ECLI:NL:RBMNE:2024:3389

Rechtbank Midden-Nederland

Datum uitspraak
18 april 2024
Publicatiedatum
30 mei 2024
Zaaknummer
16-036278-24
Instantie
Rechtbank Midden-Nederland
Type
Uitspraak
Rechtsgebied
Strafrecht
Procedures
  • Raadkamer
Vindplaatsen
  • Rechtspraak.nl
AI samenvatting door LexboostAutomatisch gegenereerd

Toewijzing verzoek tot opheffing van voorlopige hechtenis in strafzaak

Op 18 april 2024 heeft de Rechtbank Midden-Nederland in Utrecht uitspraak gedaan in de strafzaak met parketnummer 16-036278-24. De zaak betreft een verzoek tot opheffing van de voorlopige hechtenis van de verdachte, die op dat moment gedetineerd was. Het verzoekschrift was op 11 april 2024 ingediend en strekte tot opheffing, subsidiair schorsing van de voorlopige hechtenis. De rechtbank heeft het strafdossier bestudeerd en de officier van justitie, de verdachte en de raadsvrouw, mr. J.O.A.N. de Vries, gehoord.

De rechtbank constateerde dat in de dagvaarding de dealperiode was teruggebracht van twee weken naar één dag. Dit leidde de rechtbank tot de conclusie dat er sprake was van een situatie als bedoeld in artikel 67a lid 3 van het Wetboek van Strafvordering. Gezien deze omstandigheden heeft de rechtbank besloten de voorlopige hechtenis op te heffen. Het verzoek tot schorsing van de voorlopige hechtenis werd onbesproken gelaten.

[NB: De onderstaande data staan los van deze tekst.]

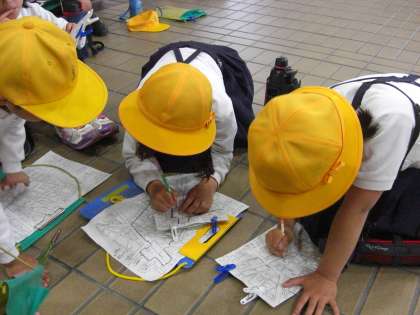 地図記号の学習をしていることもあり、「あ、お寺だ。」「しょうぼうしょがある。」など、地図記号にできる建物を見つけていくこともできました。

De beslissing om het bevel tot voorlopige hechtenis op te heffen, werd genomen in raadkamer en is gegeven door de voorzitter, mr. E.H.M. Druijf, samen met de rechters mr. A.J. Reitsma en mr. O. Böhmer, in aanwezigheid van griffier K.N. Landman. De opheffing van de voorlopige hechtenis is met ingang van de datum van de uitspraak, 18 april 2024, van kracht.

Uitspraak

beslissing

RECHTBANK MIDDEN-NEDERLAND

Strafrecht Zittingsplaats Utrecht
parketnummer : 16-036278-24
beslissing opheffing voorlopige hechtenis van de raadkamer d.d. 18 april 2024 (artikel 69 Wetboek van Strafvordering)
in de strafzaak tegen de verdachte:

[verdachte] ,

geboren op [2005] te [geboorteplaats] ,
inschrijvingsadres in de Basisregistratie Personen:
[adres] , [woonplaats] ,
nu gedetineerd in [verblijfplaats] .
Raadsvrouw mr. J.O.A.N. de Vries.

Procedure

Op 11 april 2024 is op de griffie van deze rechtbank een verzoekschrift ingekomen dat strekt tot opheffing subsidiair schorsing van de voorlopige hechtenis.
De rechtbank heeft kennisgenomen van het strafdossier en heeft de officier van justitie, de verdachte en de raadsvrouw, gehoord.

Beoordeling

In de dagvaarding die inmiddels is uitgebracht in deze zaak is de dealperiode teruggebracht van een periode van twee weken naar één dag. Mede tegen die achtergrond is rechtbank van oordeel dat een situatie als bedoeld in artikel 67a lid 3 Wetboek van Strafvordering zich voordoet en zal daarom de voorlopige hechtenis opheffen. Gelet daarop kan het verzoek tot schorsing van de voorlopige hechtenis onbesproken blijven.

Beslissing

De rechtbank:
heft het bevel tot voorlopige hechtenis van de verdachte op met ingang van heden.
Deze beslissing is gegeven in raadkamer van deze rechtbank op 18 april 2024 door:
mr. E.H.M. Druijf, voorzitter.
mr. A.J. Reitsma en mr. O. Böhmer, rechters,
in tegenwoordigheid van K.N. Landman. griffier.